As for the evaluation strategy, do any of you media buying experts have any comments? My main concern is the order of importance to give to the factors that could influence a conversion: Time, Site, & Creative. I'm currently prioritizing them as:

1) Site
2) Time (both time of day and day of week)
3) Creative

So, my hypothesis is that a person who is lest likely to convert who clicks on my banner from the best site, is more likely than one of the most likely to purchase from a site that is horribly aligned with my target demographic. Is that justifiable or is my prioritization inaccurate? Or is prioritization dependent upon the affiliate offer?

Thanks again for all of the help.
 
I'll split test anything - but I'm curious to see how much the click-through to order form rate goes down if I add another LP in there to collect email addresses. It's worth a try though.


I actually think this would make your order form impressions go up, because you can like the author of the post suggested, rehit them with a follow up email. Studies suggest that people who commit to taking some sort of action, based of identifying they have committed into something, tend to follow up more on said prior commitment. So I think it's great advice, you just have to see what data proves to be worth more of your time and money
 
Good thread, any chance you're using CB subid's to track the dynamic sites/creatives from your sitescout campaign? I can't get this to work recently...

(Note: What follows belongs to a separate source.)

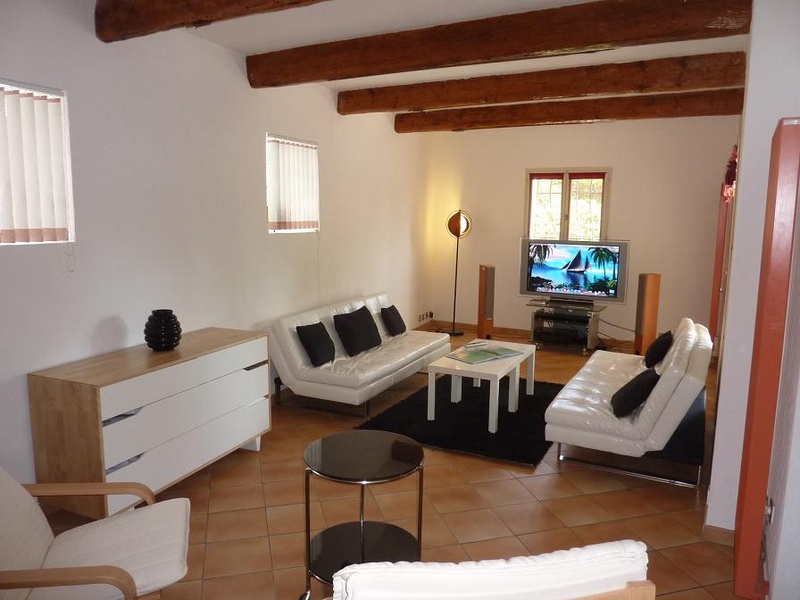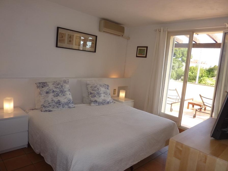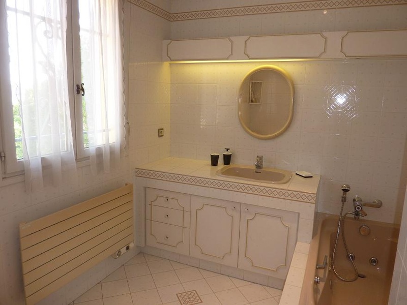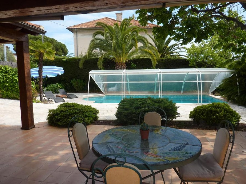 1 km from the Palace of the Festivals and the Croisette, little beautiful villa situated on a ground of 500m². Private swimming pool with steps (8m x 4m, Depth 120/200 - Alarm). Beautiful terrace with garden furniture and sun loungers. Shops, restaurants, supermarket 600m. Sandy beach 1 km. 2-floor villa of 120m²: Living/dining room with 2 divans- bed, Tv(Internet), DVD. Fully-equipped open kitchen. Shower room/WC. Laundry with washing machine and dryer. Office. Upstairs: Master bedroom with air conditioning with 1 double bed (2x90), TV, bathroom (balnéo)/WC, exit to the solarium. 1 bedroom with 1 big bed (140), shower room/WC. Garage 1 car. Parking 2 cars.

my link looks like that: xxx.clickbank.net/?tid={CAMPAIGNID}-{SITEID}-{ADID}

Now if I look into the CB analytics there isn't any subid passed so not sure what I am missing.
 
Good thread, any chance you're using CB subid's to track the dynamic sites/creatives from your sitescout campaign? I can't get this to work recently...

my link looks like that: xxx.clickbank.net/?tid={CAMPAIGNID}-{SITEID}-{ADID}

Now if I look into the CB analytics there isn't any subid passed so not sure what I am missing.